__INSTRUCTIONS TO FOLLOW__. Transcribe every entry that follows, word for word, and omit the images.

__STUDY MATERIAL__.
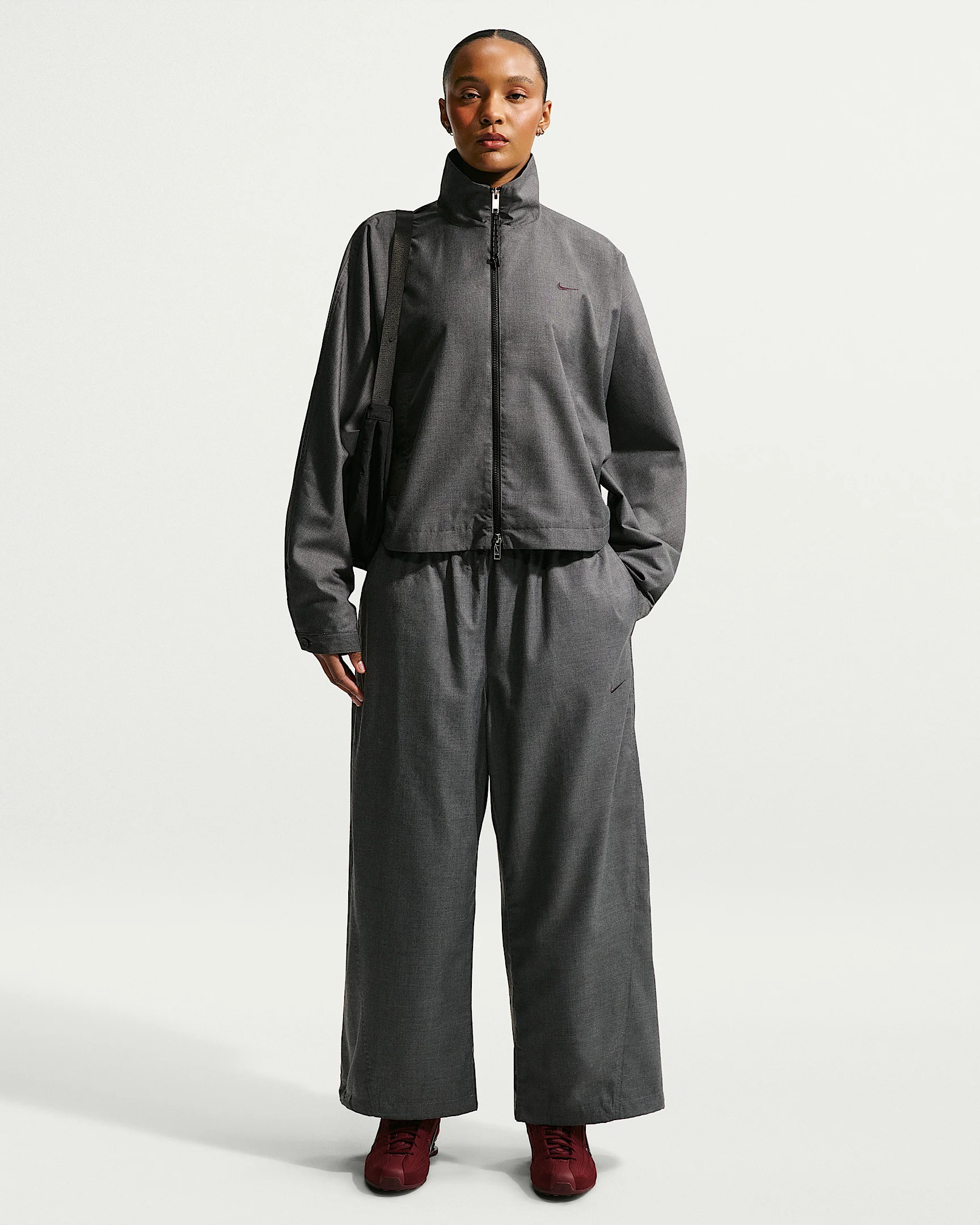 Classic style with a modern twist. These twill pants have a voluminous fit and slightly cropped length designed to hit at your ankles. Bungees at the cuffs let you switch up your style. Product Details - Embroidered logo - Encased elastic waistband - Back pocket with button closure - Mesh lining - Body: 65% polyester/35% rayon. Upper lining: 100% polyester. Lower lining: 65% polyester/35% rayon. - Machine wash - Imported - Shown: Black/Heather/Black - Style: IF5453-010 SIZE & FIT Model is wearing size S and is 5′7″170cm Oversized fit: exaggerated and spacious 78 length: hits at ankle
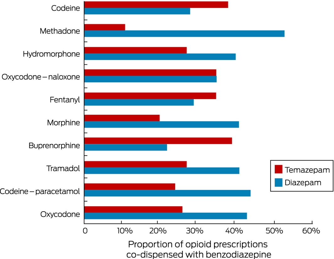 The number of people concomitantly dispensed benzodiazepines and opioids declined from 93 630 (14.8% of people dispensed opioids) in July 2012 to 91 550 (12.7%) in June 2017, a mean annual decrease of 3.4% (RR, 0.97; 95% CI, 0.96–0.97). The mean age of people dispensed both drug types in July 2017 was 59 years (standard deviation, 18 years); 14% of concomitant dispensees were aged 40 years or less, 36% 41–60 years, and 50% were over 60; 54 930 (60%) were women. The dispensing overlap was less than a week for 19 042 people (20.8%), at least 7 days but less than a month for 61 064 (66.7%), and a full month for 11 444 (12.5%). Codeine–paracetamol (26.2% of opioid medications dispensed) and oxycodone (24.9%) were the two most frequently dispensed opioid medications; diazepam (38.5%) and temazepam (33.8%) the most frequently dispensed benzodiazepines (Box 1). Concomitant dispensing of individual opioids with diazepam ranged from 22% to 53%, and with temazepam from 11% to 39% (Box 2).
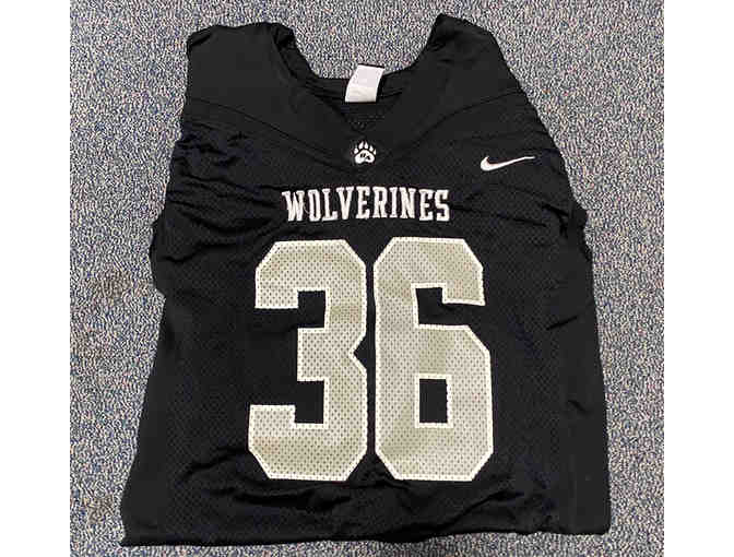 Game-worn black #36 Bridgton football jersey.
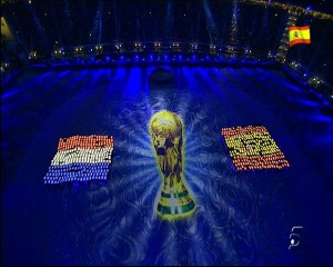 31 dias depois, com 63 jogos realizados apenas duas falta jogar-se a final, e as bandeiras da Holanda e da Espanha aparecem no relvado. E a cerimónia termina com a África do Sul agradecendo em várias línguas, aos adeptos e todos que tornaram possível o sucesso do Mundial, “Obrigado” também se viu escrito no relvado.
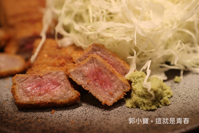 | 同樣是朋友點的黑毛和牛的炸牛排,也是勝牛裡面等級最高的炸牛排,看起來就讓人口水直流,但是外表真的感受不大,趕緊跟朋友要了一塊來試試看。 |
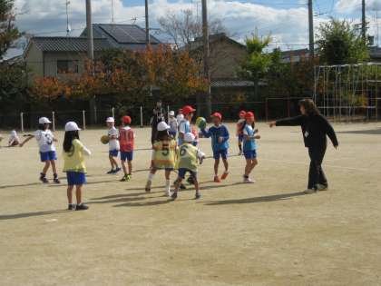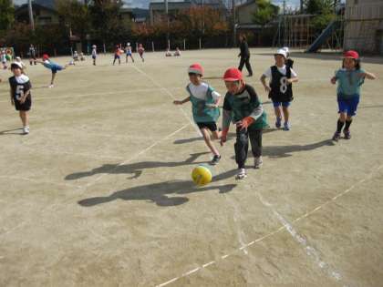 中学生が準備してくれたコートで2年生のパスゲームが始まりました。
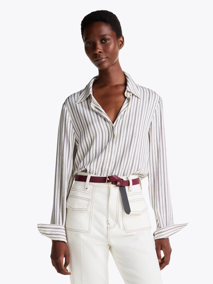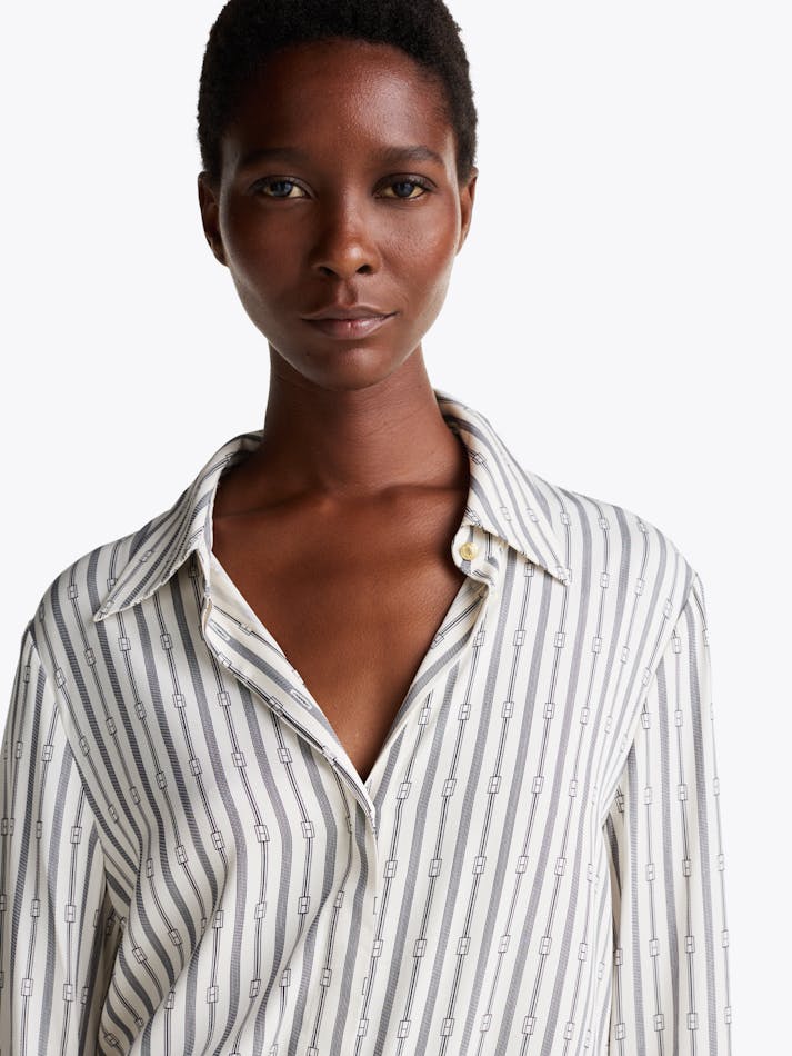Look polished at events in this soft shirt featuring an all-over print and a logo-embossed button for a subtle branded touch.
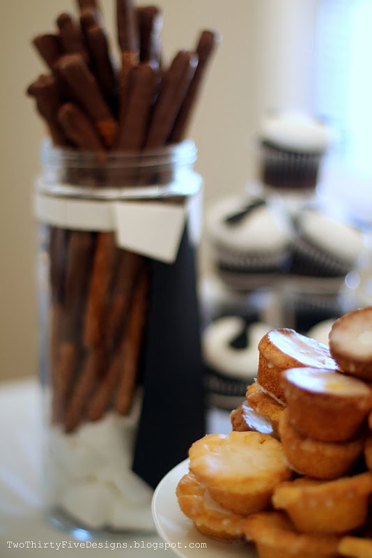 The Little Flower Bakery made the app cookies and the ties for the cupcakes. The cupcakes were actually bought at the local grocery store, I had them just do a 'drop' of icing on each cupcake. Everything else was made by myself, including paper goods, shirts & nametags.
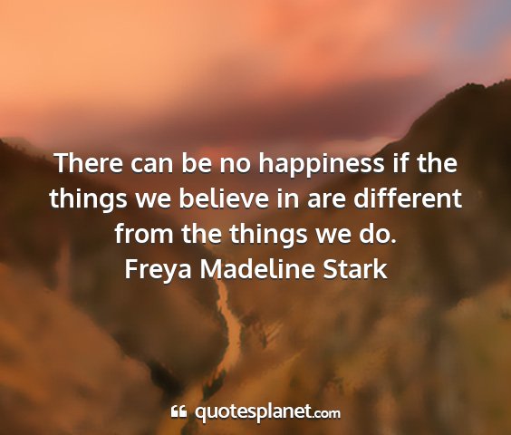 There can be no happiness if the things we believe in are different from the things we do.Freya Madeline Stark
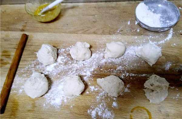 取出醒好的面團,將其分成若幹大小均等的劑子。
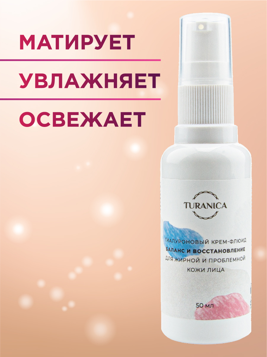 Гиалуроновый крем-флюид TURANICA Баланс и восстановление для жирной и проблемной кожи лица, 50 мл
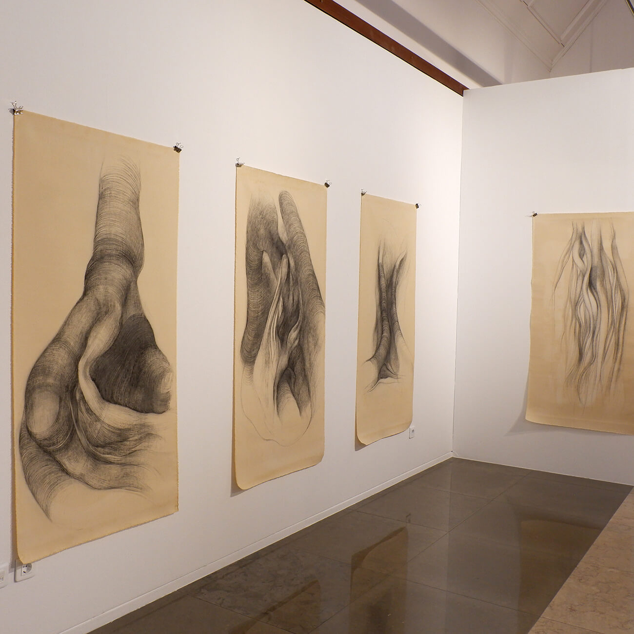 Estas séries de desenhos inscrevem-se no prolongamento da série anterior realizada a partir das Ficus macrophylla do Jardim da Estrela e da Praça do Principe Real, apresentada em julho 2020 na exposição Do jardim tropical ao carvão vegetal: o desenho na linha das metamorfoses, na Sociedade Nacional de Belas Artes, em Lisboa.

__COMPLETED EXERCISE__.
 Classic style with a modern twist. These twill pants have a voluminous fit and slightly cropped length designed to hit at your ankles. Bungees at the cuffs let you switch up your style. Product Details - Embroidered logo - Encased elastic waistband - Back pocket with button closure - Mesh lining - Body: 65% polyester/35% rayon. Upper lining: 100% polyester. Lower lining: 65% polyester/35% rayon. - Machine wash - Imported - Shown: Black/Heather/Black - Style: IF5453-010 SIZE & FIT Model is wearing size S and is 5′7″170cm Oversized fit: exaggerated and spacious 78 length: hits at ankle
 The number of people concomitantly dispensed benzodiazepines and opioids declined from 93 630 (14.8% of people dispensed opioids) in July 2012 to 91 550 (12.7%) in June 2017, a mean annual decrease of 3.4% (RR, 0.97; 95% CI, 0.96–0.97). The mean age of people dispensed both drug types in July 2017 was 59 years (standard deviation, 18 years); 14% of concomitant dispensees were aged 40 years or less, 36% 41–60 years, and 50% were over 60; 54 930 (60%) were women. The dispensing overlap was less than a week for 19 042 people (20.8%), at least 7 days but less than a month for 61 064 (66.7%), and a full month for 11 444 (12.5%). Codeine–paracetamol (26.2% of opioid medications dispensed) and oxycodone (24.9%) were the two most frequently dispensed opioid medications; diazepam (38.5%) and temazepam (33.8%) the most frequently dispensed benzodiazepines (Box 1). Concomitant dispensing of individual opioids with diazepam ranged from 22% to 53%, and with temazepam from 11% to 39% (Box 2).
 Game-worn black #36 Bridgton football jersey.
 31 dias depois, com 63 jogos realizados apenas duas falta jogar-se a final, e as bandeiras da Holanda e da Espanha aparecem no relvado. E a cerimónia termina com a África do Sul agradecendo em várias línguas, aos adeptos e todos que tornaram possível o sucesso do Mundial, “Obrigado” também se viu escrito no relvado.
 | 同樣是朋友點的黑毛和牛的炸牛排,也是勝牛裡面等級最高的炸牛排,看起來就讓人口水直流,但是外表真的感受不大,趕緊跟朋友要了一塊來試試看。 |
 中学生が準備してくれたコートで2年生のパスゲームが始まりました。
Look polished at events in this soft shirt featuring an all-over print and a logo-embossed button for a subtle branded touch.
 The Little Flower Bakery made the app cookies and the ties for the cupcakes. The cupcakes were actually bought at the local grocery store, I had them just do a 'drop' of icing on each cupcake. Everything else was made by myself, including paper goods, shirts & nametags.
 There can be no happiness if the things we believe in are different from the things we do.Freya Madeline Stark
 取出醒好的面團,將其分成若幹大小均等的劑子。
 Гиалуроновый крем-флюид TURANICA Баланс и восстановление для жирной и проблемной кожи лица, 50 мл
 Estas séries de desenhos inscrevem-se no prolongamento da série anterior realizada a partir das Ficus macrophylla do Jardim da Estrela e da Praça do Principe Real, apresentada em julho 2020 na exposição Do jardim tropical ao carvão vegetal: o desenho na linha das metamorfoses, na Sociedade Nacional de Belas Artes, em Lisboa.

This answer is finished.